DETAILED DESCRIPTION OF THE INVENTION (Industrial Field of Application) The present invention relates to an image input device, and particularly to a focusing box display device for an image input device.

(Prior Art) (a) A conventional image input device is, for example, filed by the present applicant in Japanese Patent Application No. 176083/1983.

Conventionally, with image input devices, the only way to judge whether or not what you want to display is within the focus range is by looking at the image displayed on the monitor. A separate and detailed monitor was required.

(b) Also, even if the lens is equipped with an autofocus mechanism, when a three-dimensional object is projected, not all parts of the three-dimensional object will be within the focus range, so it is difficult to correct it. I still had to look at the monitor and make adjustments.

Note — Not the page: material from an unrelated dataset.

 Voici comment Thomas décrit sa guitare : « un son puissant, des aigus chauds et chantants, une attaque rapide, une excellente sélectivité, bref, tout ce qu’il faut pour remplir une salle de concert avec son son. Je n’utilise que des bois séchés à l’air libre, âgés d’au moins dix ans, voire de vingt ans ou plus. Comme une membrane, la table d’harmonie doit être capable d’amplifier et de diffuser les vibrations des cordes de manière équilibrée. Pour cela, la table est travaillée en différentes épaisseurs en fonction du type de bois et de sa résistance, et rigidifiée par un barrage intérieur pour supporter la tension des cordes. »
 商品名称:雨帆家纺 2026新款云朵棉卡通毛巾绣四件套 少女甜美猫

(c) Furthermore, for example, when the subject to be photographed on the stand is a thick book, it is necessary to focus more carefully than when the subject is thin.

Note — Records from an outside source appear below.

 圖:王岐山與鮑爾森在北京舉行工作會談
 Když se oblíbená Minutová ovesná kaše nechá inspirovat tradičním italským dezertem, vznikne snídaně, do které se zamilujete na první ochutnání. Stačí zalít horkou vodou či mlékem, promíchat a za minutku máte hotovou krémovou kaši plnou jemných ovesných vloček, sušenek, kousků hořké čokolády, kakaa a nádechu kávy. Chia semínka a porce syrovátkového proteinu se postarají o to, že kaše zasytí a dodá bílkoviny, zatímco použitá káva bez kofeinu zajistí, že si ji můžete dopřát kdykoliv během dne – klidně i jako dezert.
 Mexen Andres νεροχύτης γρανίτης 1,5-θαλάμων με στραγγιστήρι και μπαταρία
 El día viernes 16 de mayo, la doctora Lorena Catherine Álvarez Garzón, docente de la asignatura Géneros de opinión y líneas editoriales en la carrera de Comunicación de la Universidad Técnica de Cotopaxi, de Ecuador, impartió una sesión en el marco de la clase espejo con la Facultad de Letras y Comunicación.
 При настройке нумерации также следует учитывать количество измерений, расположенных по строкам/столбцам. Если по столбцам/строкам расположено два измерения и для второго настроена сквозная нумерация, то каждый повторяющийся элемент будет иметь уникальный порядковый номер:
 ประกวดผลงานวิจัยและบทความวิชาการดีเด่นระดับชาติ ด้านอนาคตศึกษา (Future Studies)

(Problems to be Solved by the Invention) 1. In other words, in common with conventional devices, an in-depth monitor is required to determine the in-focus state, and this is used to determine the in-focus state. There is a problem in that it is a troublesome task to determine the state of focus or: Jj4i7i.

(Objective of the Invention) This invention was made to solve the following two problems, and the focus range can be determined by the focus range display device of the image input device without looking at the monitor screen. It is an object of the present invention to provide an image input device for easily checking whether a three-dimensional object is within a certain range.

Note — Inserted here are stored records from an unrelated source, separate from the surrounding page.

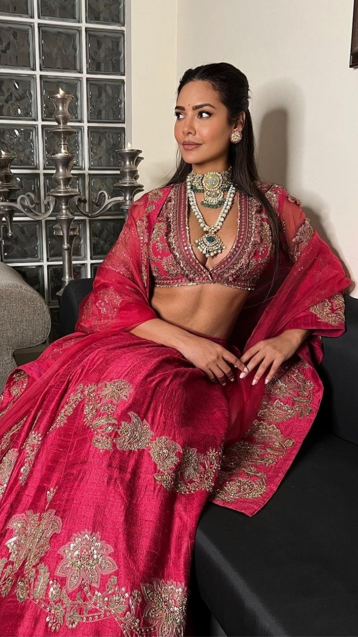 Esha exuded elegance in a 'rani' pink-hued lehenga featuring golden embroidery. She teamed it with a matching 'dupatta', 'choli', 'polki' jewellery, dewy makeup and half-tied hairdo.
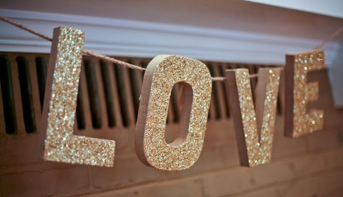 Пуговицы, глиттер, бисер, бусины — используйте красивые штуки, чтобы сделать свои инициалы для свадьбы необычными и симпатичными.
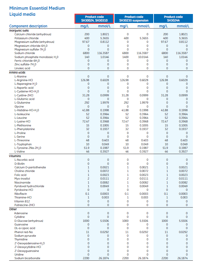 HyClone MEM 原材料的成分均通过了严格的质量控制测试筛选,以确保批次间的一致性。MEM 液体培养基产品已使用纯化水进行了水化,并经过了无菌过滤。
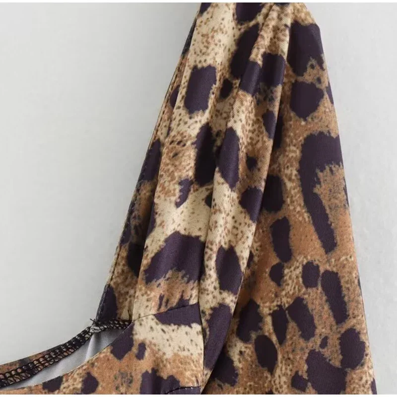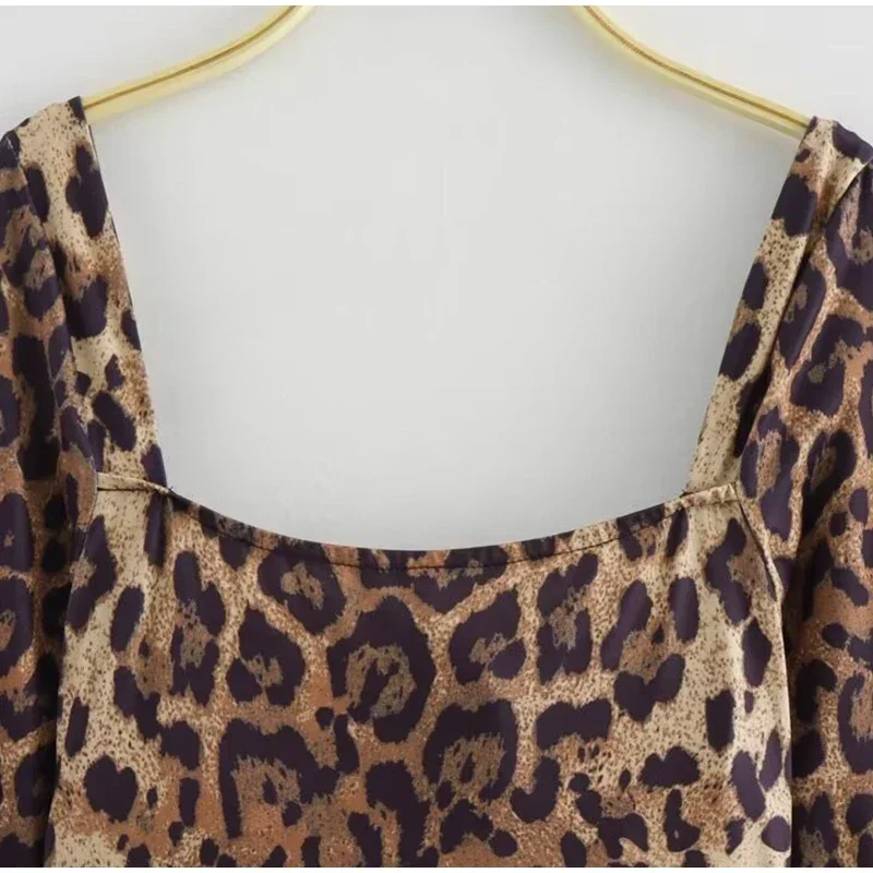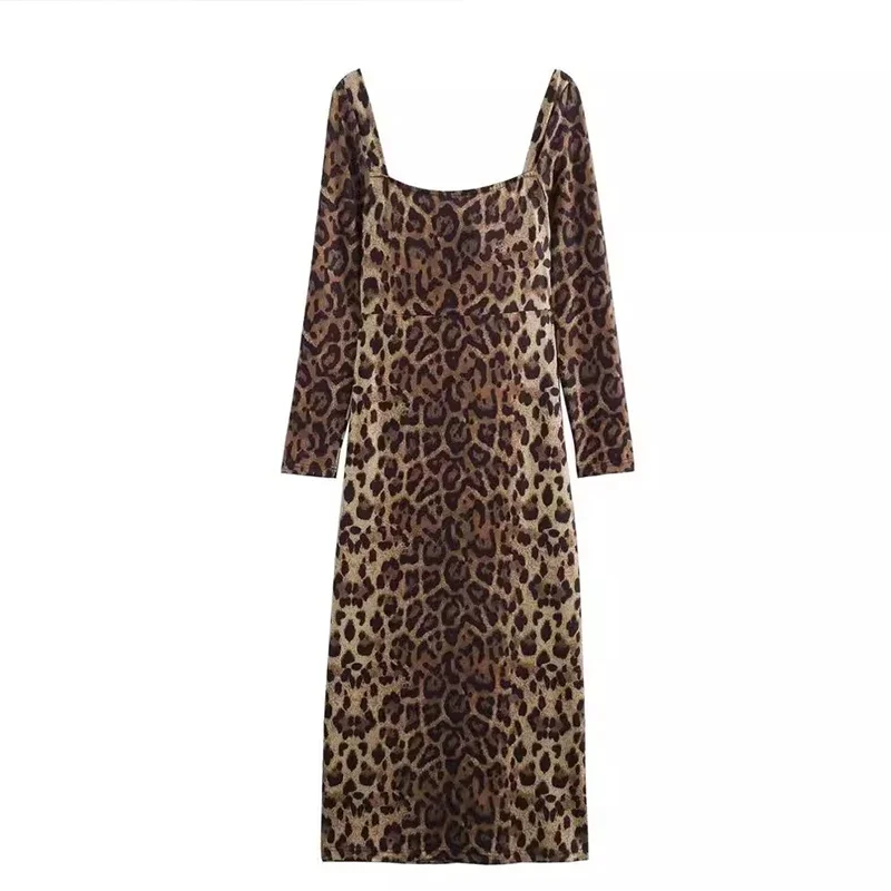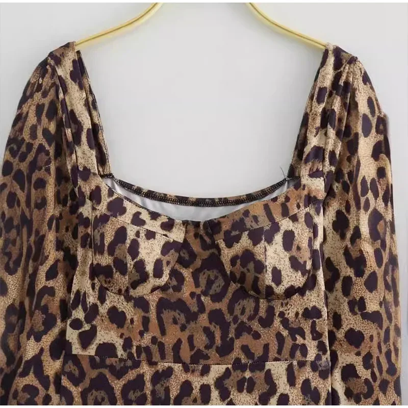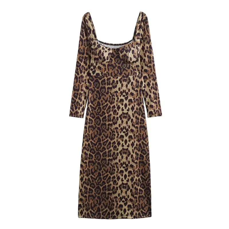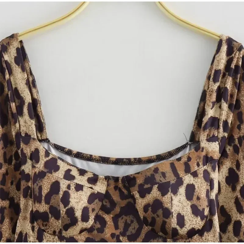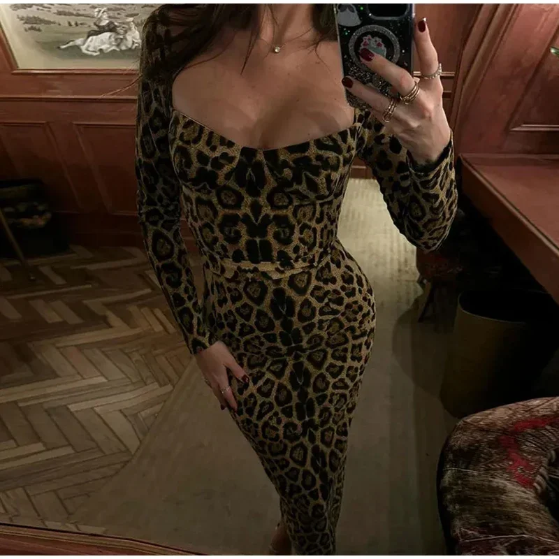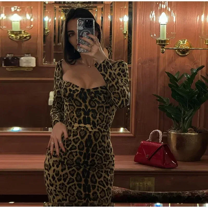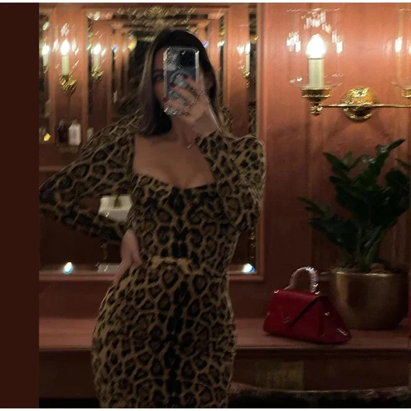 Advbridge Leopard Print Long Dress Women Sexy V-neck Slim Long Sleeve Square Collar Party Club Dresses 2024 Summer Lady Fashion Vestidos
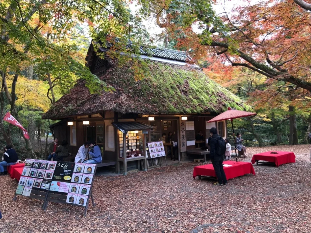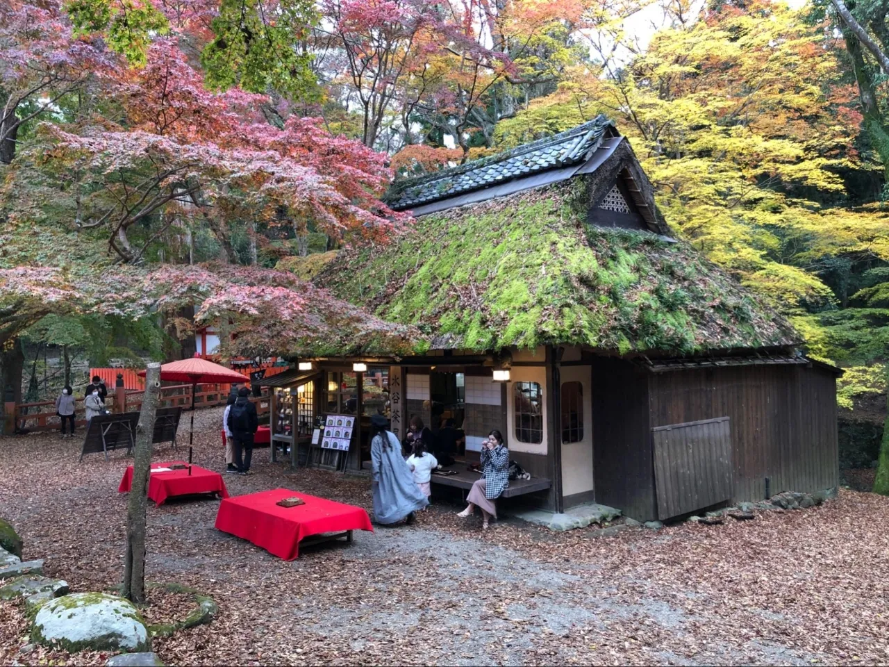 上記の写真は、春日大社付近にある水谷茶屋(みずやちゃや)です。ひっそりとした空間に茅葺き屋根の茶屋がポツリと構えており、紅葉と落ち葉に囲まれているその様子はまさに神秘的です。
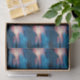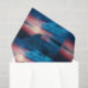 Patterned tissue paper with a gorgeous photograph. A scenic spot. A nice calm lake with a wooden dock stretching outwards. Setting sun provides beautiful colours in the sky, vibrant red and blue.

Means for Solving Problem C] Therefore, in the image input device according to the present invention, a
'B, an image input device equipped with an imaging lens that forms an image of the object on the imaging surface of the first stage of imaging that converts the image information of the object on stage 1- into electric No. 15; The above objective is achieved by providing a means for displaying the in-focus range of an image of a subject.

(Function) With the above configuration and the device that displays the focus range, it is possible to judge whether or not there are people in the focus range in the area where you want to display the subject by looking at a fine monitor. It can be easily confirmed even if it is not present.

(Embodiment) An embodiment of the present invention will be described above with reference to FIGS. 1 to 3.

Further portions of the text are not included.